A magnificent re-imaging of the original Sir Arthur Conan Doyle tale of detective Sherlock Holmes and his working partner Dr Watson, this BBC series delivered three compelling episodes with an updated and ‘Aspergerish’ Holmes (Benedict Cumberbatch) and Dr  John Watson (Martin Freeman) as a world-weary retired special forces soldier. With only three episodes in the series, it was always written as three individual stories tightly connected, but not revealed until the appearance of Jim Moriarty (Andrew Scott) as Holmes’s great nemesis. The final episode of the season ends in a stand-off between Moriarty and Holmes, with the former admitting it was he that had staged all the crimes Holmes had been investigating. The final seconds show Holmes pointing a loaded gun at a bomb on the floor… and we have to wait until 2012 to find out what happens from there. A true edge-of-your-seat finale.

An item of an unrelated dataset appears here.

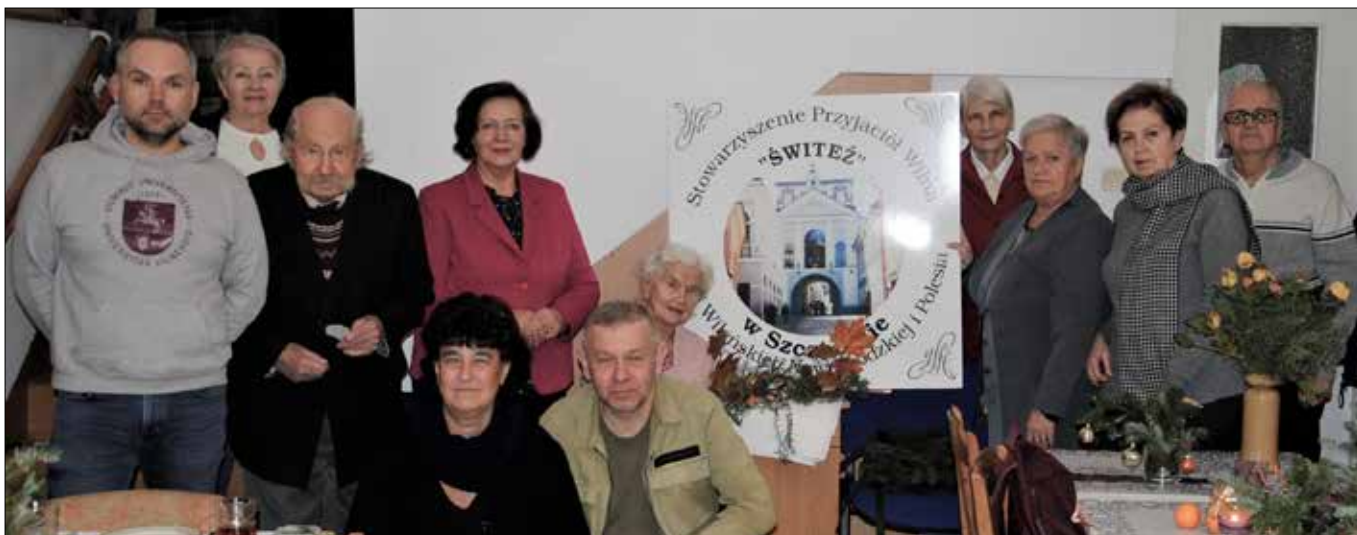
■ Podczas promocji książki o Ludwiku Narbucie

3. Friends – End of Season Four (mid 1998)

Along with everything else this ground-breaking ensemble cast comedy taught us, it was that comedies can have great cliffhangers too (and story arcs that last over multiple seasons). Rachel (Jennifer Aniston) had stayed in New York with a very pregnant Phoebe (Lisa Kudrow) – acting as surrogate for her recently discovered brother’s triplets – while the rest of the gang had gone over to London for the marriage of Ross (David Schwimmer) & Emily (Helen Baxendale). Rachel decides to fly over and stop the wedding as she realises she is still madly in love with Ross. She arrives at the wedding but can’t go through with it, but does get to hear Ross say as his vows “I, Ross, that thee, Rachel…” instead of that of his stunned bride standing opposite him. Oh, and Chandler (Matthew Perry) and Monica (Courtney Cox) sleep together. Confused? Don’t be. It’s hilarious and gorgeous.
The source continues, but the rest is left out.